| TASK ITEM |
Please return each entry exactly as it appears, but not the pictures.

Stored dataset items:
+++

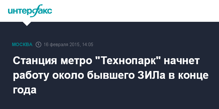 Москва. 16 февраля. INTERFAX.RU - Станцию метро "Технопарк" Замоскворецкой линии метрополитена планируется сдать к концу 2015 года, сообщил журналистам в понедельник руководитель департамента строительства Москвы Андрей Бочкарев
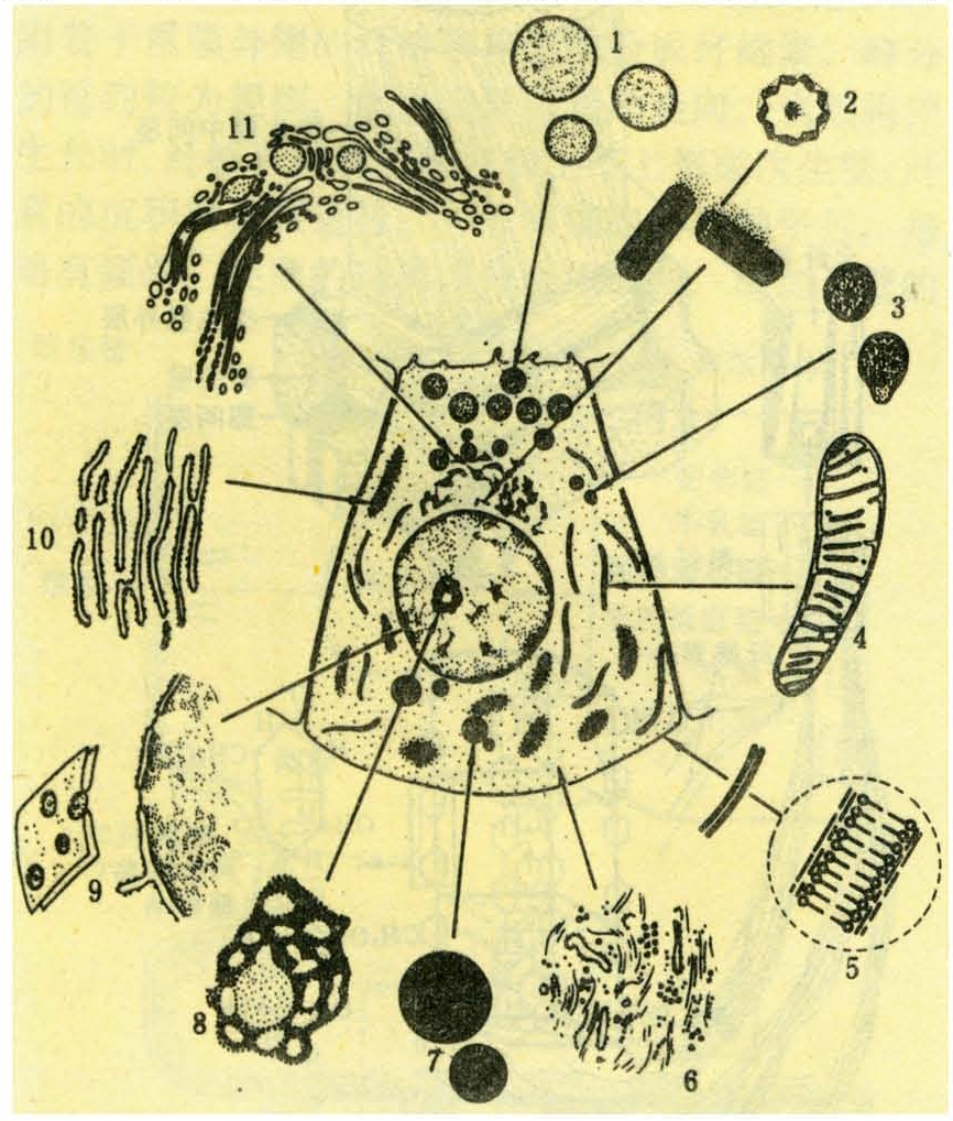 细菌细胞的质膜外有厚约10~100nm的细胞壁,其结构和化学组成与真核细胞的细胞壁不同,且不同种类的细菌间也存在若干差别。有些细菌细胞壁的外侧还包有粘液层或荚膜,有些具有鞭毛或菌毛,其鞭毛的结构和化学组成均与真核细胞的不同,菌毛是一些由蛋白质组成的细小突起(见细菌鞭毛)。双股螺旋DNA分子呈环状,常附着在质膜或间体上,或不规则地折叠成团块状,称拟核。DNA分子不与蛋白质结合组成核蛋白,拟核外面也不具核被膜,在最适宜的生长条件下,DNA分子可能存在2~4个复本,拟核也可能有多个。质膜可凹陷形成复杂程度不一的间体,其上含有琥珀酸脱氢酶和细胞色素类物质,与能量代谢有关,故亦称拟线粒体。有些种类产生腺苷三磷酸所需的酶类及其他化合物直接附着在质膜上。细菌进行无丝分裂时,间体还能起固定复制中的DNA分子、使复制出的DNA分别进入两个子细胞的作用。在光合细菌中,质膜内折形成载色体囊泡,称拟类囊体,其中含有细菌叶绿素和类胡萝卜素,是进行光合作用的场所。细菌核糖体的体积较小,其结构与真核细胞的相似,可游离存在,亦可附着在质膜的内侧面,行使附着核糖体的蛋白质合成功能。细菌细胞质内还含有多种酶、糖原颗粒,蛋白质颗粒和脂滴,有时还有泛泡和与固定CO2有关的多面体等。细菌细胞通常以一分为二的无丝分裂方式增殖,有些种类在不良环境中则能形成内生孢子。
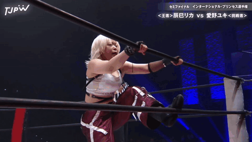 a woman laying on the ground in a wrestling ring with a referee standing behind her and the word tjpw on the bottom
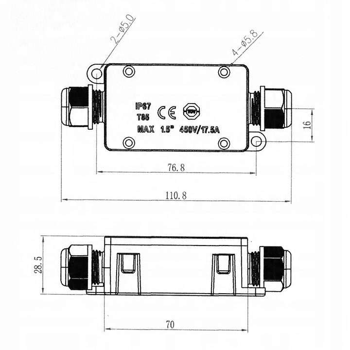 ✔ герметичний роз'єм з 2 дрочками - це ідеальне рішення, яке допоможе нам підключити всі види електричних пристроїв, таких як фари, експозиції, зовнішні лампи тощо. . Забезпечуючи їх зв’язок проти води та всіх інших несприятливих погодних умов, таких як УФ -випромінювання, мороз або сніг. Всередині він має гніздо (куб) завдяки якому ми можемо з'єднати дроти з поперечним перерізом від 0,75-1,5 мм2 , а діаметр кабелю може бути від 4 до 8,5 мм.
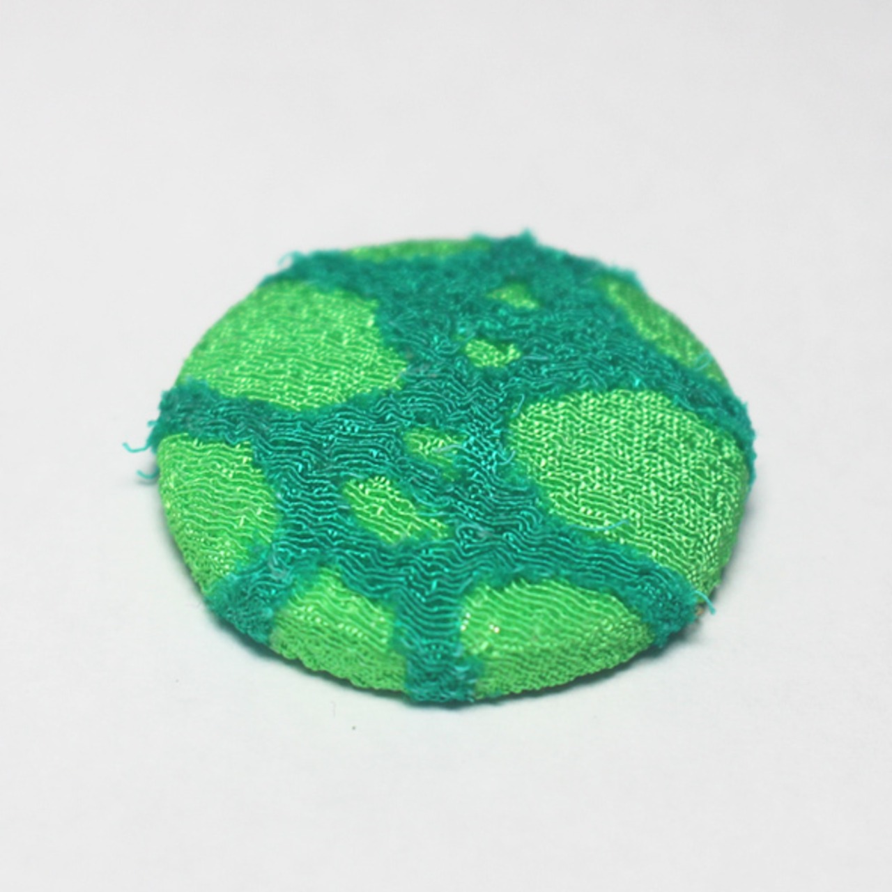 くるみボタンをちりめんの布で覆った缶バッヂで、和のテイストを感じさせる可愛らしいアイテムです。

+++

| PROBLEM SOLUTION |
 Москва. 16 февраля. INTERFAX.RU - Станцию метро "Технопарк" Замоскворецкой линии метрополитена планируется сдать к концу 2015 года, сообщил журналистам в понедельник руководитель департамента строительства Москвы Андрей Бочкарев
 细菌细胞的质膜外有厚约10~100nm的细胞壁,其结构和化学组成与真核细胞的细胞壁不同,且不同种类的细菌间也存在若干差别。有些细菌细胞壁的外侧还包有粘液层或荚膜,有些具有鞭毛或菌毛,其鞭毛的结构和化学组成均与真核细胞的不同,菌毛是一些由蛋白质组成的细小突起(见细菌鞭毛)。双股螺旋DNA分子呈环状,常附着在质膜或间体上,或不规则地折叠成团块状,称拟核。DNA分子不与蛋白质结合组成核蛋白,拟核外面也不具核被膜,在最适宜的生长条件下,DNA分子可能存在2~4个复本,拟核也可能有多个。质膜可凹陷形成复杂程度不一的间体,其上含有琥珀酸脱氢酶和细胞色素类物质,与能量代谢有关,故亦称拟线粒体。有些种类产生腺苷三磷酸所需的酶类及其他化合物直接附着在质膜上。细菌进行无丝分裂时,间体还能起固定复制中的DNA分子、使复制出的DNA分别进入两个子细胞的作用。在光合细菌中,质膜内折形成载色体囊泡,称拟类囊体,其中含有细菌叶绿素和类胡萝卜素,是进行光合作用的场所。细菌核糖体的体积较小,其结构与真核细胞的相似,可游离存在,亦可附着在质膜的内侧面,行使附着核糖体的蛋白质合成功能。细菌细胞质内还含有多种酶、糖原颗粒,蛋白质颗粒和脂滴,有时还有泛泡和与固定CO2有关的多面体等。细菌细胞通常以一分为二的无丝分裂方式增殖,有些种类在不良环境中则能形成内生孢子。
 a woman laying on the ground in a wrestling ring with a referee standing behind her and the word tjpw on the bottom
 ✔ герметичний роз'єм з 2 дрочками - це ідеальне рішення, яке допоможе нам підключити всі види електричних пристроїв, таких як фари, експозиції, зовнішні лампи тощо. . Забезпечуючи їх зв’язок проти води та всіх інших несприятливих погодних умов, таких як УФ -випромінювання, мороз або сніг. Всередині він має гніздо (куб) завдяки якому ми можемо з'єднати дроти з поперечним перерізом від 0,75-1,5 мм2 , а діаметр кабелю може бути від 4 до 8,5 мм.
 くるみボタンをちりめんの布で覆った缶バッヂで、和のテイストを感じさせる可愛らしいアイテムです。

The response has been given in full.